§ Record excerpts

-- Opening Marker --

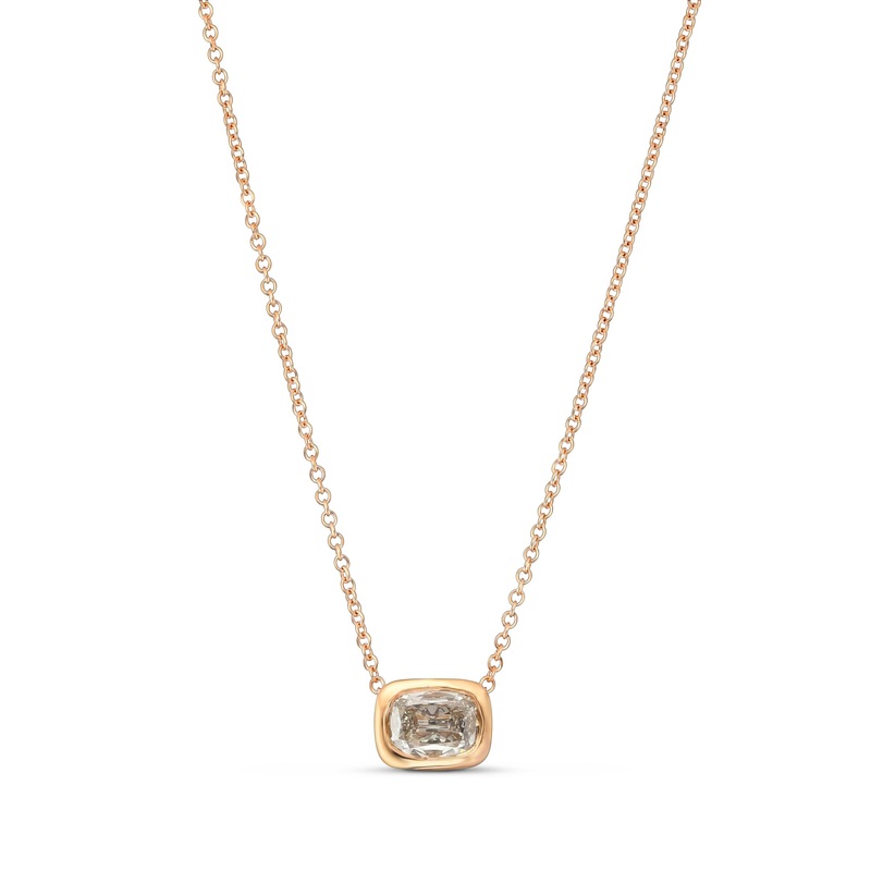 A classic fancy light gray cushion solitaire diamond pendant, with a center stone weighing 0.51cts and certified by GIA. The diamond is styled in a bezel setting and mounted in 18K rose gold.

-- Closing Marker --
-- Opening Marker --

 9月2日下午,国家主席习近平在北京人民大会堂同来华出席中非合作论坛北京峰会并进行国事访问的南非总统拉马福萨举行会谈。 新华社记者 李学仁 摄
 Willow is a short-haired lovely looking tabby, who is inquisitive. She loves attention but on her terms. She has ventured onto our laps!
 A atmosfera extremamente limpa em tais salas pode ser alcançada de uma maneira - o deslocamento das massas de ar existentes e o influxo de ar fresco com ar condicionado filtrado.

-- Closing Marker --
-- Opening Marker --

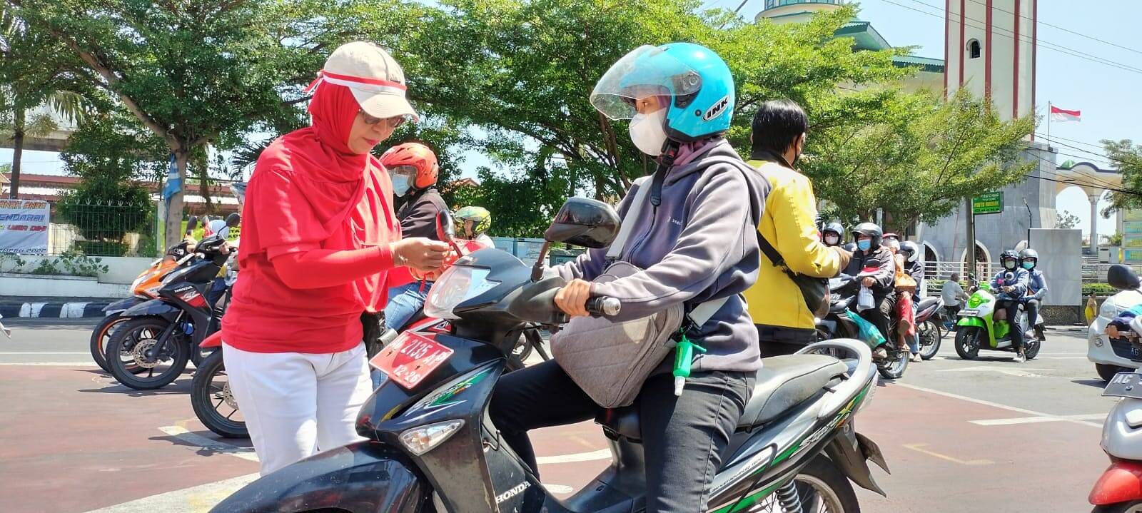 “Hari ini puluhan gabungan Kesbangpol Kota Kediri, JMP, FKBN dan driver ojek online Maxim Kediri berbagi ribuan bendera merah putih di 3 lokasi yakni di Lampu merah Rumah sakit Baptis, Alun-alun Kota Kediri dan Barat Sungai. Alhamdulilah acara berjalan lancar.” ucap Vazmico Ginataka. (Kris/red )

-- Closing Marker --

§ Instructions for the task
Give back, exactly as written, the stretch from the line with "新华社记者 李学仁 摄" through the line with "A atmosfera extremamente", and no other lines from the records above.

§ Written response
 9月2日下午,国家主席习近平在北京人民大会堂同来华出席中非合作论坛北京峰会并进行国事访问的南非总统拉马福萨举行会谈。 新华社记者 李学仁 摄
 Willow is a short-haired lovely looking tabby, who is inquisitive. She loves attention but on her terms. She has ventured onto our laps!
 A atmosfera extremamente limpa em tais salas pode ser alcançada de uma maneira - o deslocamento das massas de ar existentes e o influxo de ar fresco com ar condicionado filtrado.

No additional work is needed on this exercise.